Neither Eisenhower nor Truman were truly giants, but in comparison to Trump a case could be made that they were both monuments of moral courage and integrity. While much has been made of Trump’s glaring narcissistic personality, not enough attention has been paid to the vast sea of cognitive lapses and affective contortions and explosions that may better be understood as indicia of incipient dementia for which a grossly pathological narcissistic personality is doing its best to compensate. Comparing public Trump speeches from 30, 20, or even 15 years ago to his present performance suggest a cognitive degeneration that is unrelated to the core pathology that serves as the focus of most commentators.
Much as I would like to join in, we are now discussing politics not economics, and I feel we should save our comments for another place that is non-economical in its outlook.
To paraphrase George Orwell’s quip about art and politics: The opinion that ‘economics’ should have nothing to do with politics is itself a political attitude. Recall that what we call economics nowadays was previously called “political economy.”

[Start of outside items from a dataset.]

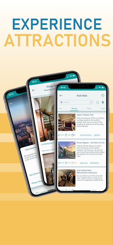 • SESLİ HİKAYELER VE REHBERLİ TURLAR – Şehri önceden kaydedilmiş sesli hikayelerle keşfedebilir veya yerel bir tur rehberiyle (varsa) bir tur seçebilirsiniz.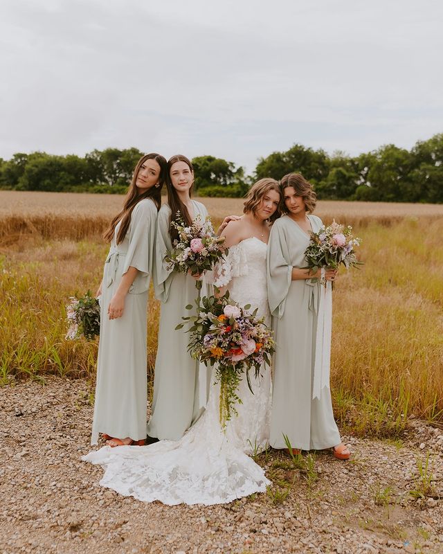 Beautiful A-Line V Neck Saga Chiffon Boho Bridesmaid Dresses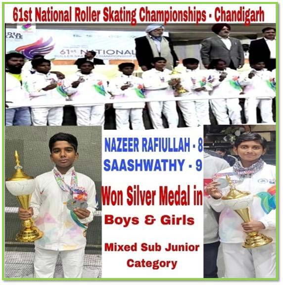 Nazeer Rafiullah (VIII) and Saashwathy (IX) won Silver Medals at the National Roller Skating Championship.
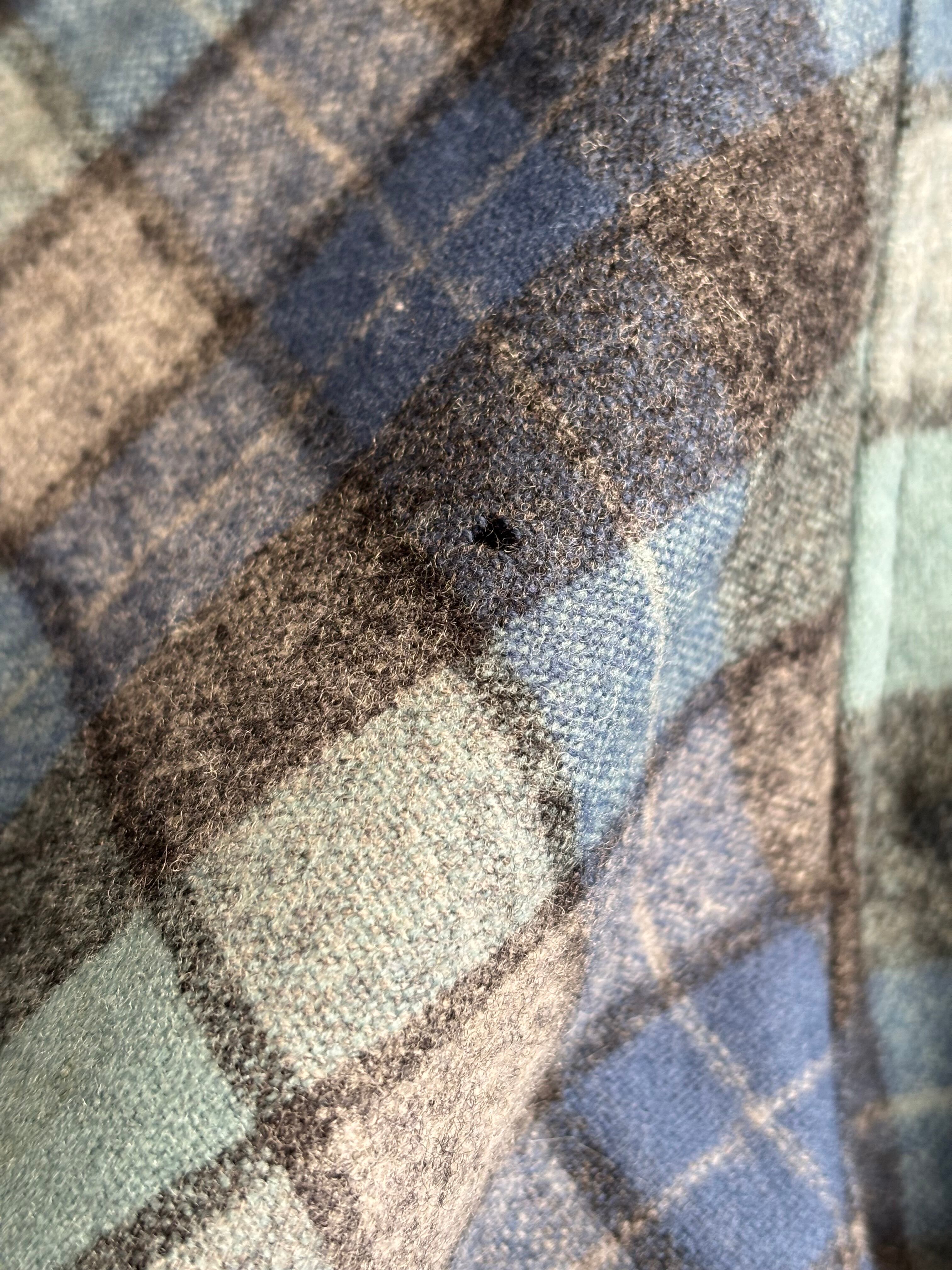 右袖部分と、後ろ右肩付近に小穴がございますが、着用時目立たない程度かと思います。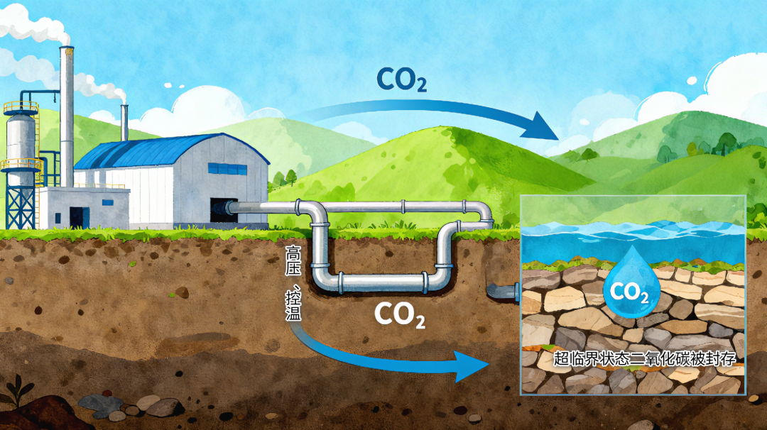 简单说,就是通过高压和控温,把二氧化碳变成一种“似气非气、似液非液”的超临界状态,然后注入地下千米深的岩层中,利用地质圈闭实现长期稳定封存,让它乖乖待在里面,不再跑出来“加热”地球。

about a century ago it was labeled “political economy.” It was also when the realms were divided that we were disappeared into economics under the pretext of only being “scientific” as a positing science per “neo-classical” in the same sort of over-turning fiction to classical economics, as in “neo-liberal.” The separation of state and economy was never much more than another academic conceit and a tenure obtained by a safe distance.